We also publish a bunch of open source R and Python packages. These are mostly things related to assessment and property taxes, but they are very useful for academics and journalists in the space.
And so what is the point of all this? What is the lessons to take away? To me, our work is proof, it is a case study of the effectiveness of technical teams in local government. I think that if you can get into the right place with the right people at the right time with a lot of leverage, you can make a huge impact in local government.
And I would encourage anyone on the fence to try joining us because data skills are very desperately needed inside of state and local governments. Cannot express to you how true that is. And that is in all sorts of different areas like operations, policymaking, program evaluation, tons of different places.
And I would encourage anyone on the fence to try joining us because data skills are very desperately needed inside of state and local governments.
And if you are really a glutton for punishment, you can join us in the assessment industry because this problem that we described about Chicago, this is nationwide. These are other graphs from that same New York Times article from other cities. And you can see that their ratio curves look equally bad.
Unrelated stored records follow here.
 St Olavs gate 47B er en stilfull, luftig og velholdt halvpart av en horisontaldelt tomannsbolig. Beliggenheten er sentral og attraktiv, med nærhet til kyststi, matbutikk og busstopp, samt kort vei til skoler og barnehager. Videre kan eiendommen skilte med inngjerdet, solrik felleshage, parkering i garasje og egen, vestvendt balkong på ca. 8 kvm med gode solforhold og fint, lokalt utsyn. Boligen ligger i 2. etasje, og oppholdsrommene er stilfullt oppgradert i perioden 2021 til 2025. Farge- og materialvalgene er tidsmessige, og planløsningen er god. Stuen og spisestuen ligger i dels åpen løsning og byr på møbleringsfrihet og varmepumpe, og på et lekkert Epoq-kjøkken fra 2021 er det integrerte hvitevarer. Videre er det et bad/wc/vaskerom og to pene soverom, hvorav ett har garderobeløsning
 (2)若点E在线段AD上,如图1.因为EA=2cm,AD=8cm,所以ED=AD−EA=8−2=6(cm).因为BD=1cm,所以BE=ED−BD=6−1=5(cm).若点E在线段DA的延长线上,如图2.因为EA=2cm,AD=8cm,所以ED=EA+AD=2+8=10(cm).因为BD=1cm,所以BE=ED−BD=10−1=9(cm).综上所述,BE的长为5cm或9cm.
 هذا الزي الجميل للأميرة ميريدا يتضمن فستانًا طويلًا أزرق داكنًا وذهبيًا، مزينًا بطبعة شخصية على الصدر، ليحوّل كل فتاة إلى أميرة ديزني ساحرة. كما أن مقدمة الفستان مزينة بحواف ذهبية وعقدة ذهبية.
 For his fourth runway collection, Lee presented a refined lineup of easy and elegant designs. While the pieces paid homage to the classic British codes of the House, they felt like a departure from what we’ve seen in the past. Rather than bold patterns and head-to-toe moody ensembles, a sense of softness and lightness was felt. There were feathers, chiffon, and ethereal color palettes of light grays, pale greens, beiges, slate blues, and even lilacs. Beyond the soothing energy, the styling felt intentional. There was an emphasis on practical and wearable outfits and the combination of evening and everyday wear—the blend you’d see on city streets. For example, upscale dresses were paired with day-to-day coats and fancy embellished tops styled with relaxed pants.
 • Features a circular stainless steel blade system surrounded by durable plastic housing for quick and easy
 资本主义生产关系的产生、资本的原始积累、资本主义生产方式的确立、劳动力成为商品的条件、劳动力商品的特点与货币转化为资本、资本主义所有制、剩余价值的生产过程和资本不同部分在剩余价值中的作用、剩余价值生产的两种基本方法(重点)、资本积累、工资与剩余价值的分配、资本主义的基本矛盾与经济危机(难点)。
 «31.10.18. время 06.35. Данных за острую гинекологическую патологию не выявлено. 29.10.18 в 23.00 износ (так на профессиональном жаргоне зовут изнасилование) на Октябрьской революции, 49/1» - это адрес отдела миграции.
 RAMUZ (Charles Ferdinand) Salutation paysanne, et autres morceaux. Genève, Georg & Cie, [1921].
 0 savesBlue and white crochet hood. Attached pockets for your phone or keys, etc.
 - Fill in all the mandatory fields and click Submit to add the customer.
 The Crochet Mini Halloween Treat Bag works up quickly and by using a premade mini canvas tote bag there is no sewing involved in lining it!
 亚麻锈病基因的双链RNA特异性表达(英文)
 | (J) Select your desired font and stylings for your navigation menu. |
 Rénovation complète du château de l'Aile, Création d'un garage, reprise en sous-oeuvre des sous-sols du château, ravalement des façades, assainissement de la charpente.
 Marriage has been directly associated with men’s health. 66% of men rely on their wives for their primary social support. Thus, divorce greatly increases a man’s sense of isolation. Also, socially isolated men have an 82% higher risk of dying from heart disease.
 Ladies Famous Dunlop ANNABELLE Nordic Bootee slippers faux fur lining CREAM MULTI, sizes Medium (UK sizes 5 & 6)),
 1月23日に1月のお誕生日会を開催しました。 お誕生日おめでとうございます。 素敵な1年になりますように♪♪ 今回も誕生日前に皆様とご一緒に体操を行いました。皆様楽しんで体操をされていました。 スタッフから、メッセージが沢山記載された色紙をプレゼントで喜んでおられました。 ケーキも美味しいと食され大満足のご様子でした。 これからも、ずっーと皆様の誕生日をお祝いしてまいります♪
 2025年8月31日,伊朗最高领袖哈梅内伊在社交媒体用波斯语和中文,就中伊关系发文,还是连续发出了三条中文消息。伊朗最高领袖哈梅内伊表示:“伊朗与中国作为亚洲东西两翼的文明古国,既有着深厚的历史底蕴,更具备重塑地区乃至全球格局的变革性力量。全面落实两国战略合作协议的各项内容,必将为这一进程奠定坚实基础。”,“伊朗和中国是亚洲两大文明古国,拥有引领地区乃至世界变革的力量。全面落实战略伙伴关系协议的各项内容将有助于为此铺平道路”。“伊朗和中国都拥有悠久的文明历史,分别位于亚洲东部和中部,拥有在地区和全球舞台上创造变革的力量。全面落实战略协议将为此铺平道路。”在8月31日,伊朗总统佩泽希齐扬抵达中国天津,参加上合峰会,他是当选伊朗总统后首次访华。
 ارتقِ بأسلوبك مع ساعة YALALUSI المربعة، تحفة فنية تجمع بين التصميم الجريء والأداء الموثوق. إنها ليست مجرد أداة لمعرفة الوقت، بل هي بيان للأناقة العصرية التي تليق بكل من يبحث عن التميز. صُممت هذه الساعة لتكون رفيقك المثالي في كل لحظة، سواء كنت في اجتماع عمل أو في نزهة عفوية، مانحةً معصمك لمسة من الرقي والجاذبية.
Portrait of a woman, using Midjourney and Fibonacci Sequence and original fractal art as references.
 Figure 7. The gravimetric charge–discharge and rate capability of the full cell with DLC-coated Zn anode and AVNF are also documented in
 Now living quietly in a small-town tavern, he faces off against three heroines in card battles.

So if you're interested in learning more, I will take questions, and Nicole and I will stick around after the talk to chat. I also have some rare LightGBM hex stickers, if anyone wants them. So thank you, and I will be happy to take questions.
Q&A
Big thank you, Dan and Nicole. And we have time for questions. And we have a lot of questions.
So, how much were you inspired by private companies like Zillow and Redfin, who also do assessment? Or where did you go to figure out how to do this?
Oh, that is a great question. I mean, significantly inspired. They're building very similar predictive models. They're not predicting exactly the same thing. We are predicting the universe of all properties. Zillow is sort of predicting the universe of properties that are going to sell. And so they're different markets, not necessarily perfectly analogous. I think that our job is actually harder, personally, because, yes, we just have to cover a much wider swath of properties. Their blog is cool, though. Their blog is very cool. And they have a neat model.
No, I don't think so. I think generally the things that you would expect to be important to property values stayed about the same in terms of their importance. It is exactly the things I said before. It is the size of the property, its relative age, and where it is. Those are sort of the big determinants of property value almost anywhere.
One more question. Do you use any model explainability methods, for example, to help with conversation with public stakeholders?
We do, although we have not made a lot of those results public, and we are sort of working on that. I'm happy to answer questions on that afterwards. Thank you so much.